Associations between estrogen receptor (ER) Alpha expression levels and ER genotypes.

Abstract

Abstract Abstract #3049 Background: Estrogen receptors (ER) and associated factors, including progesterone receptors (PgR), modulate estrogenic effects both in normal tissue and in hormone receptor (HR)-positive breast cancers. ERα expression occurs in the majority of breast cancers, although the level of overexpression varies between tumors. Multiple single nucleotide polymorphisms (SNPs) in the genes that encode ER, termed ESR1 (ERα) and ESR2 (ERβ), have been shown to affect phenotypic outcomes, including breast cancer risk, bone mineral density, hot flashes, and lipid levels. We hypothesized that SNPs in genes that encode ER may affect level of ER overexpression.
 Methods: DNA was extracted from white blood cells from 100 subjects with HR-positive breast cancer enrolled in a tamoxifen observational study. SNPs in ESR1 (XbaI: rs#9340799, PvuII: rs#2234693) and ESR2 (01: rs#1256049; 02: rs#4986938) were determined from germline DNA using TaqMan. ER overexpression in paraffin-embedded formalin-fixed tumor specimens was quantified with immunohistochemistry (IHC) of tumor specimens on slides (Ventana Image Analysis System) and with RT-PCR using the Oncotype DX breast cancer assay (Genomic Health, Inc). Gene expression of other ER-associated genes (PgR, BCL2, and SCUBE2) was determined using RT-PCR (Oncotype DX). Expression of ER and associated genes across ER genotype was performed using the Kruskal-Wallis test. For all analyses, a p value of <0.05 was considered statistically significant.

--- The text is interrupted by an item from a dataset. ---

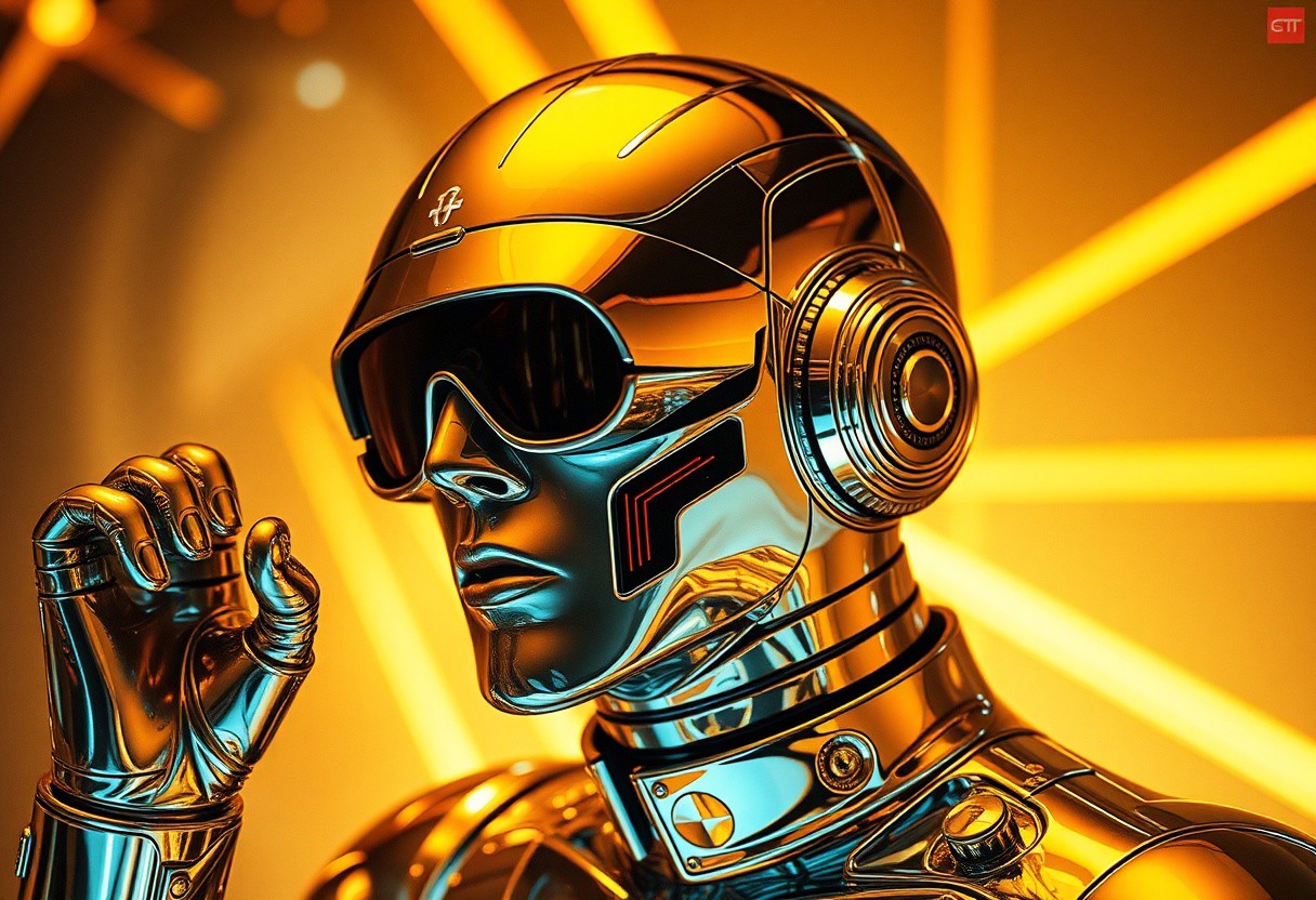 Avant-garde , Robert T techno style ,1970s retro futurism , chrome and Gold

 Results: ER expression assessed using IHC and RT-PCR was statistically significantly correlated, with a Pearson correlation coefficient of 0.43 (p=0.0006). However, there was no association between the ESR1 or ESR2 genotypes and ER expression assessed by either method. A trend between ESR1 XbaI genotype and PgR expression by RT-PCR was noted (p=0.08 for gene-dose effect). No other associations between ER polymorphisms and expression of ER-related genes were identified.
 Conclusions: SNPs in genes encoding for ER do not appear to be associated with level of ER expression in breast cancer. Differences in ER expression between individual tumors are likely due to mechanisms other than these inherited mutations in the ER genes. Citation Information: Cancer Res 2009;69(2 Suppl):Abstract nr 3049.